Kaitlin Saar’s biological mom, Maria Gonzalez Seguel, touched down Wednesday at John F. Kennedy International Airport.

“Touching her, even like smelling her, it was just so surreal,” Saar said.

Gonzalez Seguel first reached out to Saar on Facebook nearly two months ago. The message unraveled Saar’s life.

“It said, ‘I’m writing to you because this is an attempt to contact you and your biological mother,’ basically to get us together,” Saar explained.

She said she learned over the summer that she was one of the hundreds, if not thousands, of Chilean babies illegally adopted under Augusto Pinochet’s dictatorship.

“All of our paperwork said that we were given away willfully because of economic hard times, and so a lot of us never even looked for our families,” said Tyler Graf, with the nonprofit Connecting Roots.

Saar said her parents told her at a young age that she was adopted.

“The story that my parents were told was that she was poor, she was young and she wanted me to have a better life, so she agreed to give me up for adoption,” she said.

Saar reached out to Graf, whose nonprofit works to reunite adoptees with their biological Chilean families.
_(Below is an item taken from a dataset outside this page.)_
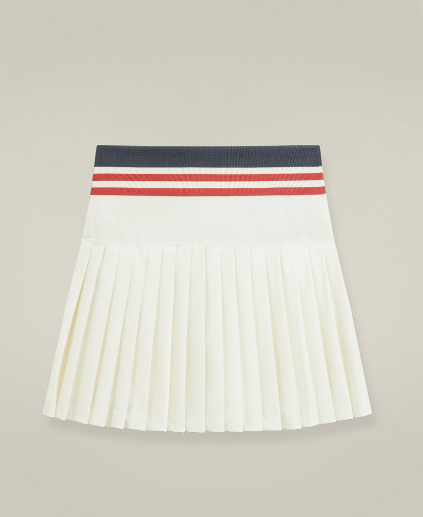 伝統的なテニススカートをアレンジしたこのスコートはシームレスな内側のショーツにプリーツの入ったスカートを重ねている。UVカットが施され、テニスをするときだけでなく、それ以外の場面でも着用可能なデザイン。 太もも上部までの長さのインナーショーツには収納ポケットがあり、独自の段階式コンプレッションウエストバンドが完璧なフィット感を提供。

They immediately started the DNA process and, when a match came back, they quickly arranged the reunion.

“We just started talking over the summer, and here she is staying with me in my house, it’s just a dream,” Saar said.

“Lots of beautiful things, happy feelings, a lot of excitement and also sadness,” Gonzalez Seguel said in Spanish.

Gonzalez Seguel said she was 16 years old when she found out she was pregnant, and she spent more than three decades searching for her daughter — time she’s now working to make up.